INVESTING IN THE IMPROVEMENT OF MATHEMATICS AND SCIENCE EDUCATION IN RURAL APPALACHIA: TEN YEARS OF ARSI AND ITS ACCOMPLISHMENTS
I. INTRODUCTION
The Rural Systemic Initiative (RSI) was designed by the National Science Foundation in the early 1990’s to improve education in the communities of Appalachia and other regions that include the nation’s most rural and impoverished communities. The Appalachian Rural Systemic Initiative (ARSI) was one of the first funded projects within the RSI initiative, and has worked in Appalachia to improve mathematics and science education now for over a decade.
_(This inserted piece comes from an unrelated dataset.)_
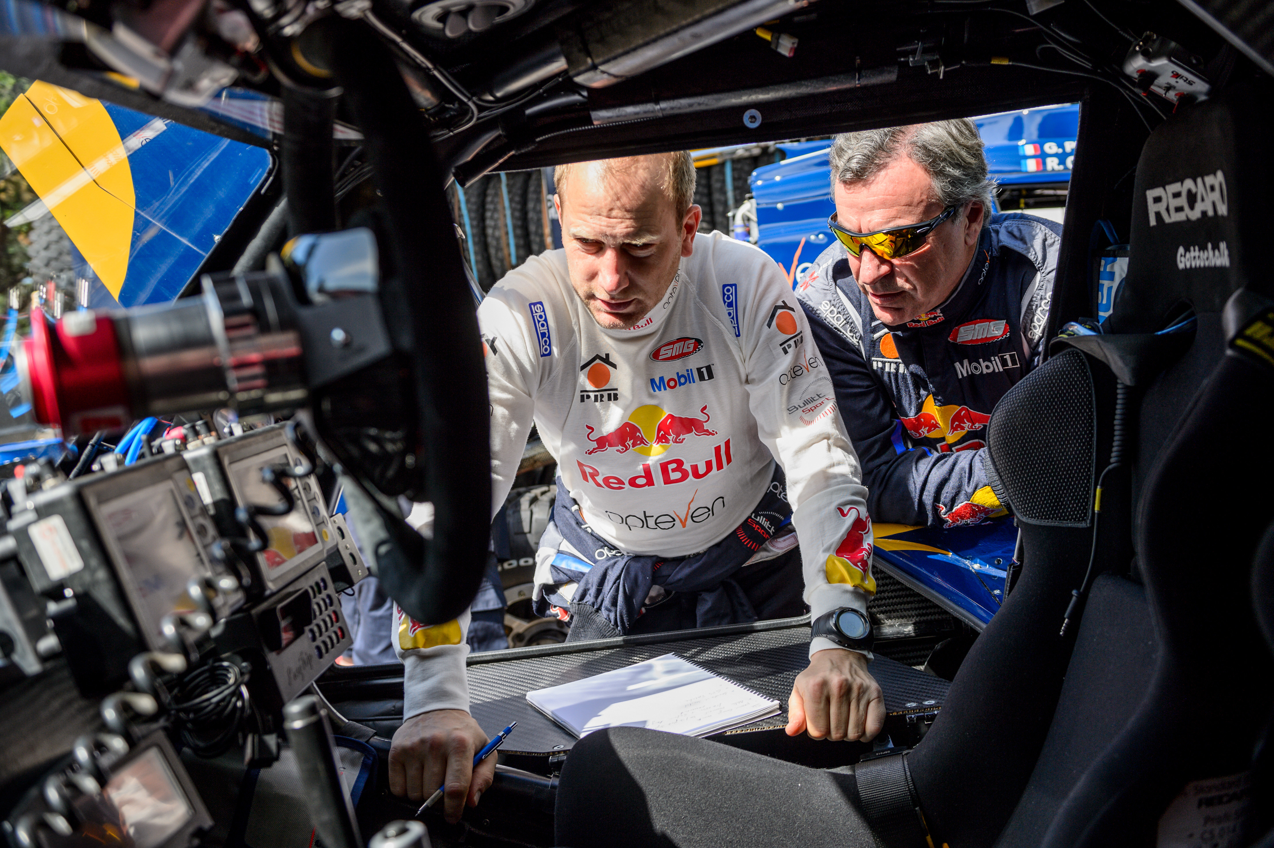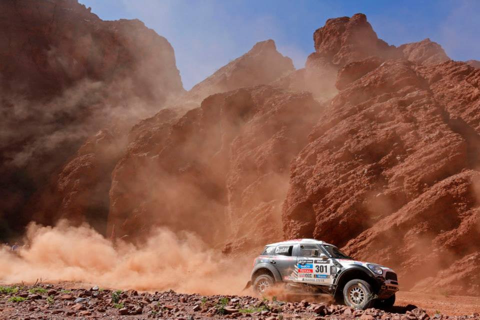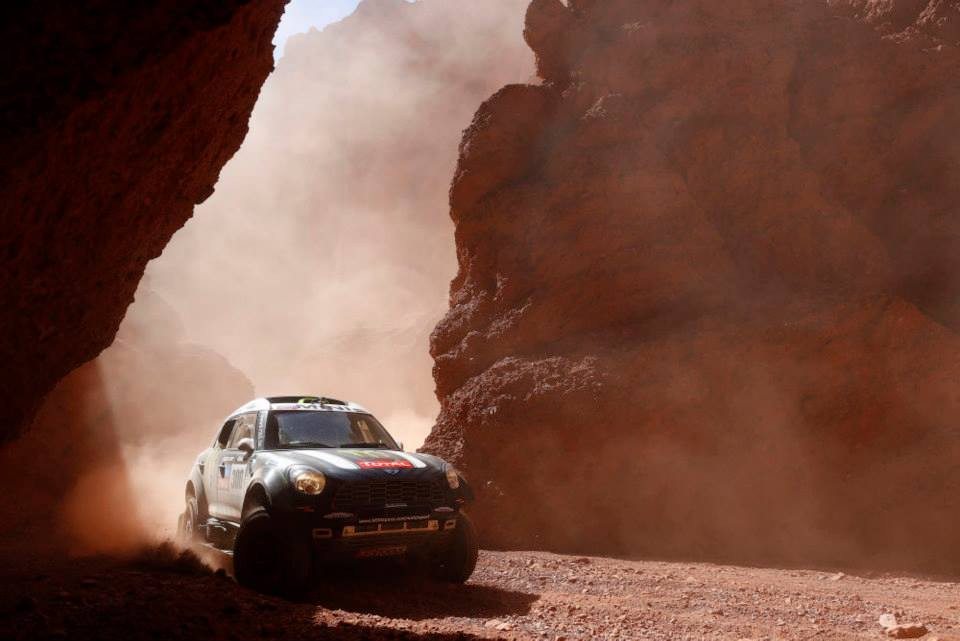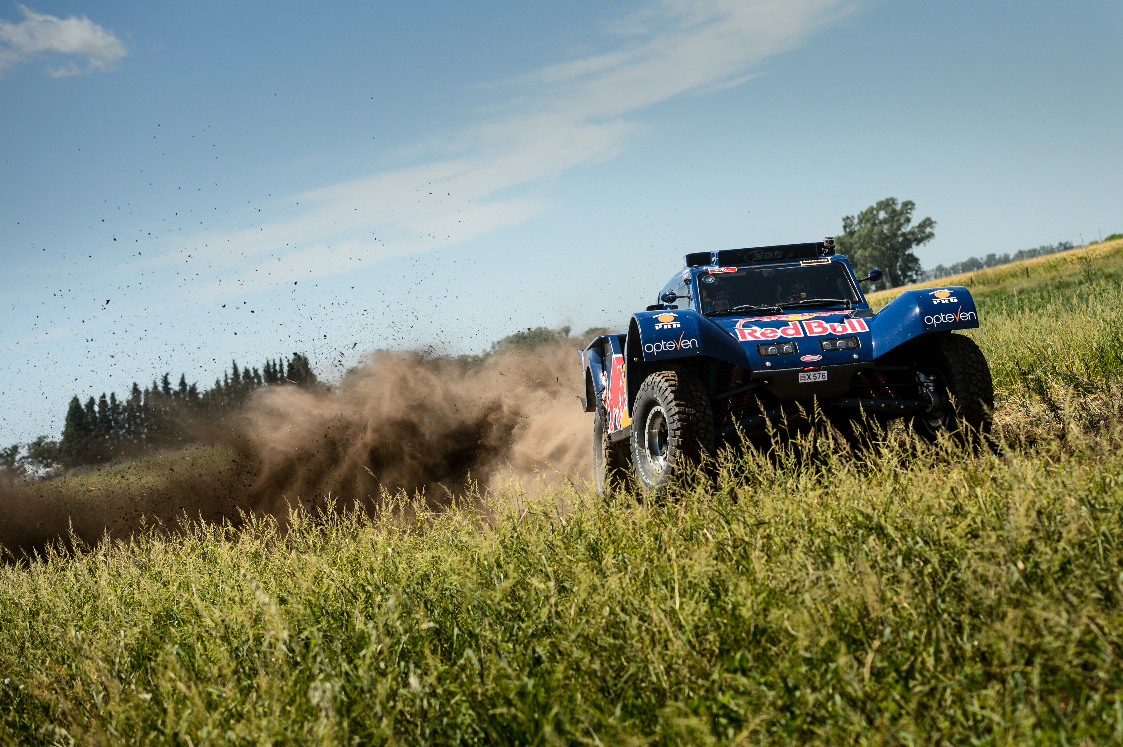 Autá ovládli jazdci na MINI. Prvý je ROMA, druhý TERRANOVA a tretí PETERHANSEL. Na foto redbull bugina SMG a Carlos Sainz.

ARSI pursued its goal by focusing its efforts on enhancing the indigenous capacity of local Appalachian counties for ongoing improvement in math and science. Initially ARSI identified the 66 poorest counties in six states in the Appalachian region, and since then has evolved a powerful strategy for helping them to further develop their own capacity for self improvement. Our study of the ARSI effort has focused on the capacity building that has taken place over its ten-year lifespan.
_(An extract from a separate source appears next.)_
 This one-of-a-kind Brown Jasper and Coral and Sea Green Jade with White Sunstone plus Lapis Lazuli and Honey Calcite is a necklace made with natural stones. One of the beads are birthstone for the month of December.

This report provides the reader with a summary of the rationale, strategies, and accomplishments of the Appalachian Rural Systemic Initiative. Drawing upon the data collected by researchers from Inverness Research Associates, and on the knowledge gained by working with many other rural initiatives, this summary report is intended to place ARSI in broader perspective. We aim to help the reader understand the ways in which the investment in ARSI has helped to provide the foundation for the ongoing improvement of mathematics and science education in the Appalachian region, and to illuminate implications for future work in other rural regions.
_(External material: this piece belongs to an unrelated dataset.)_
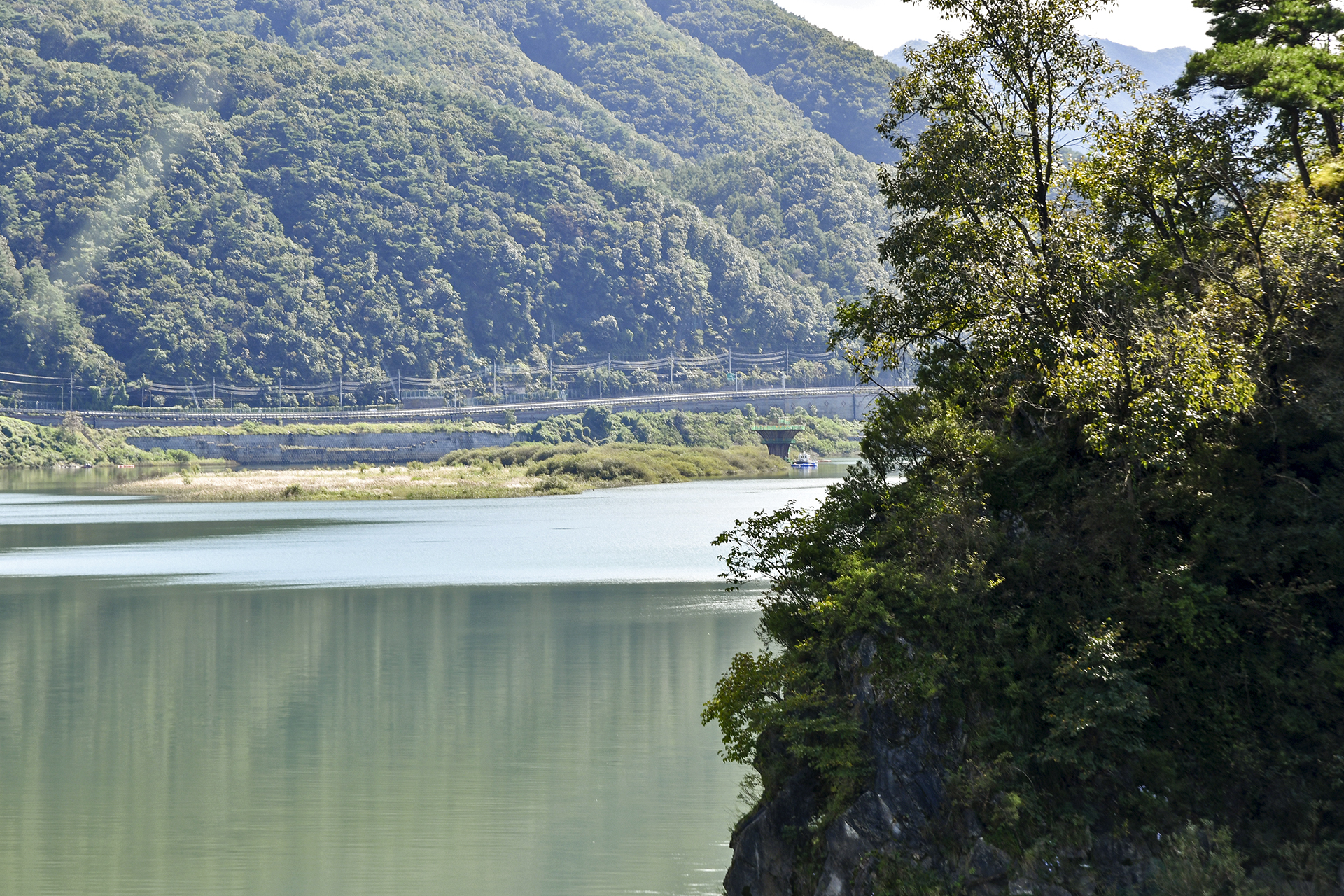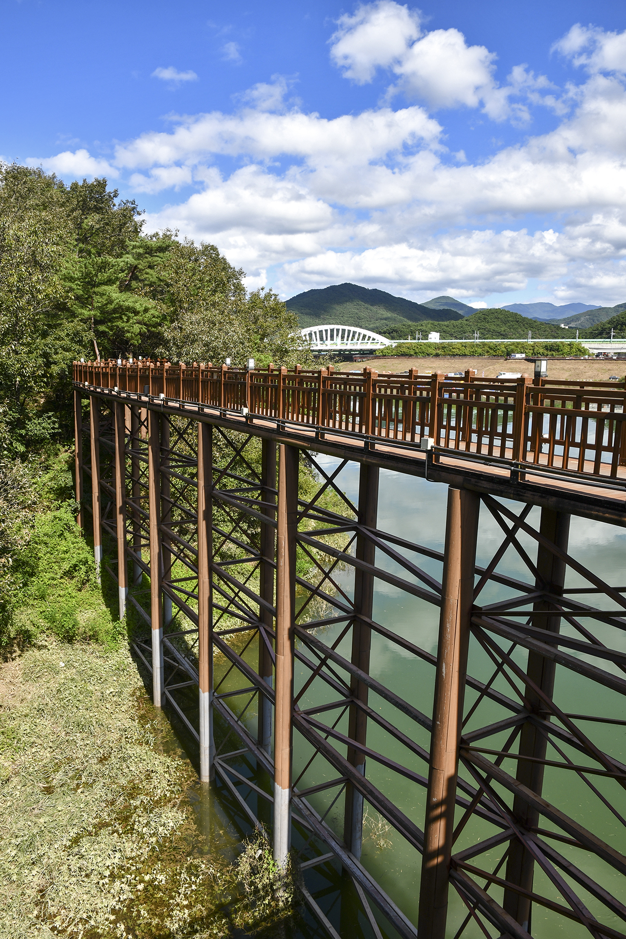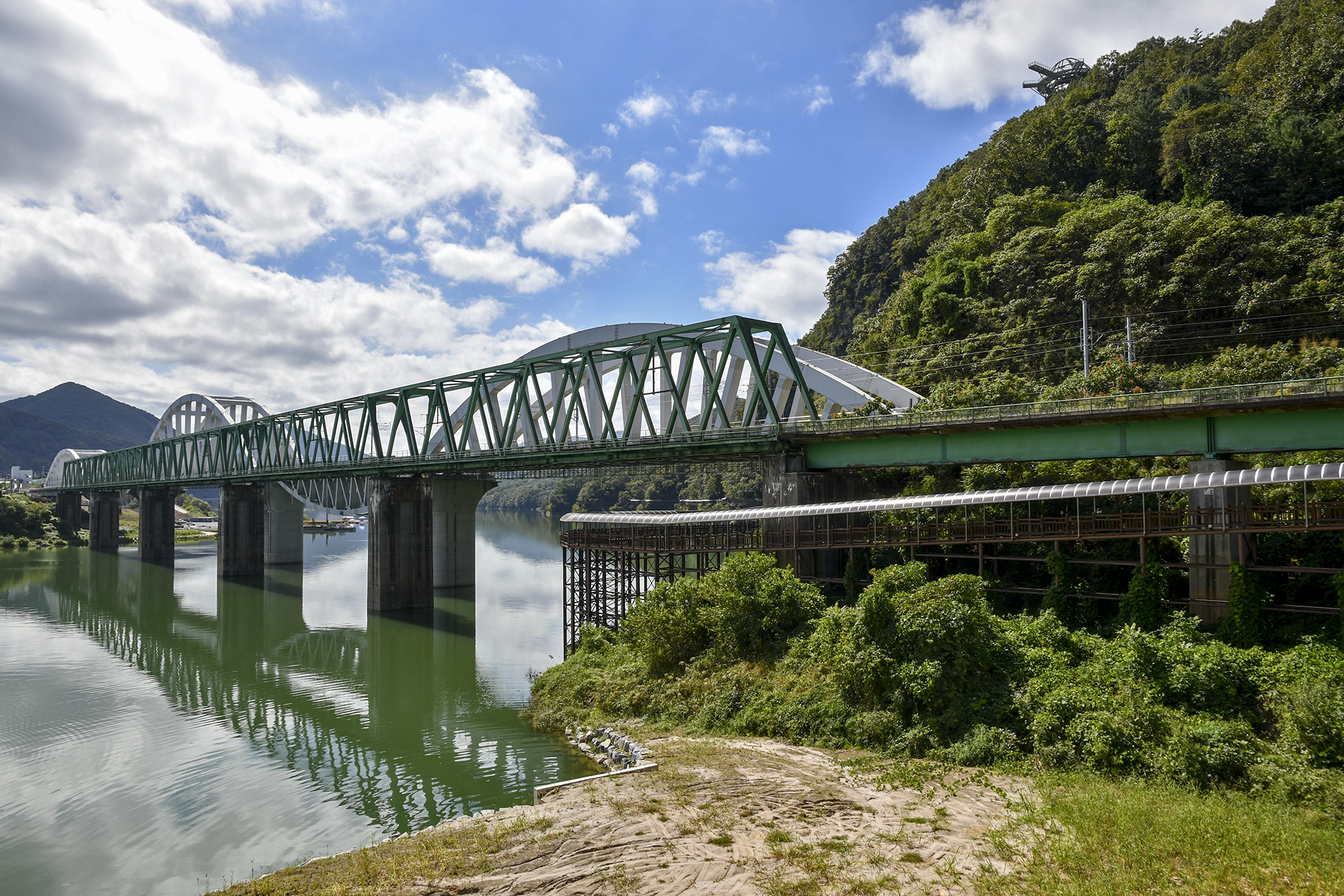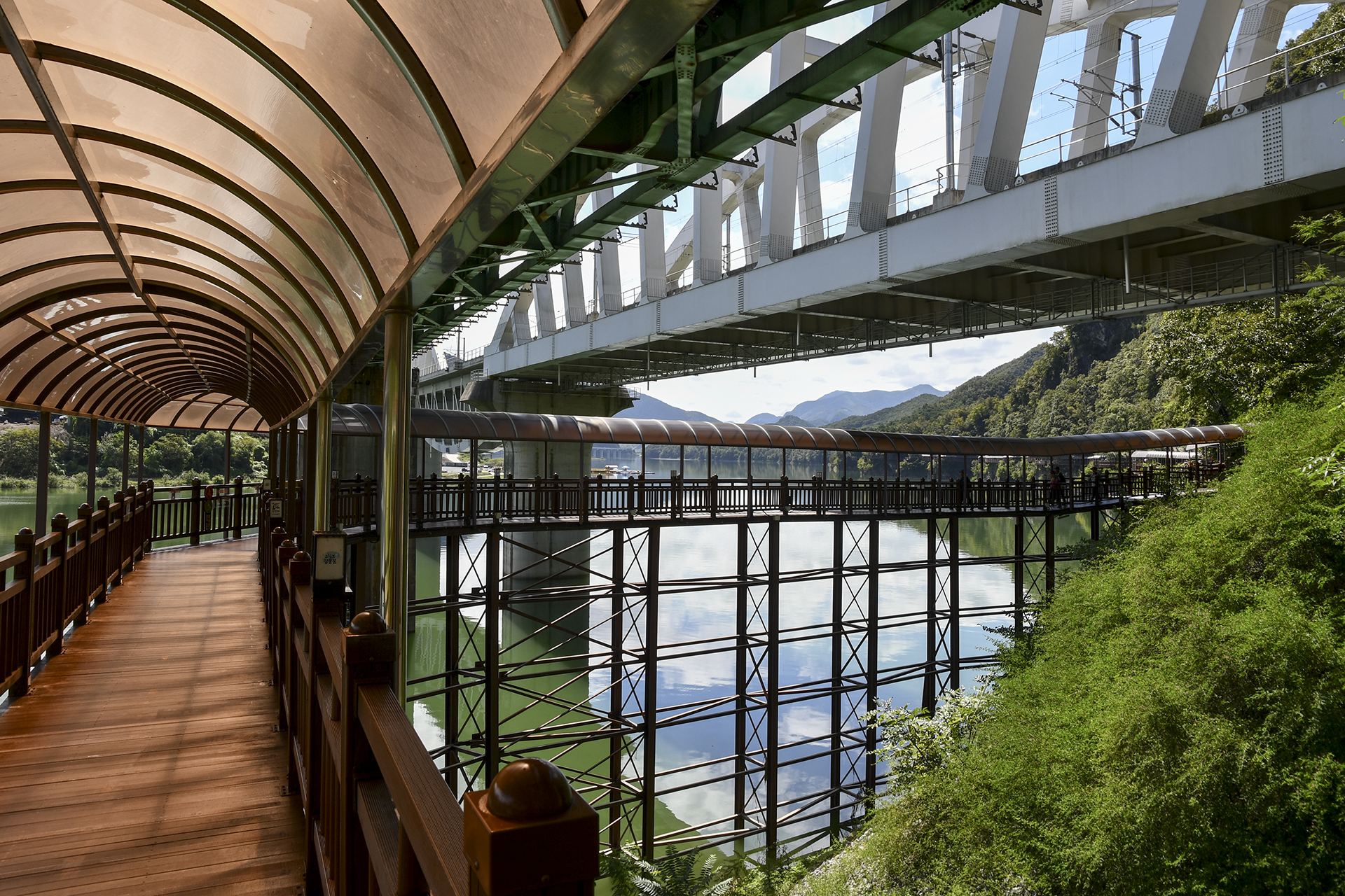 KTX가 지나가는 상진철교 아래로 잔도길이 이어진다.

II. BACKGROUND AND CONTEXT
The Challenge of Improving Rural Mathematics and Science Education
When one thinks of the neediest families in the United States, the image of inner-city neighborhoods may first come to mind. But the fact is that many of the nation’s poorest households are located in small rural communities. Scattered across the country pockets of often intense poverty remain isolated, largely unseen and unnoticed. Not all rural communities are poor however. Many can be described as middle class or lower middle class, but the rural counties specifically targeted by the NSF-funded Rural Systemic Initiative, to which ARSI belongs, are in fact extremely poor and suffer from a long history of poverty.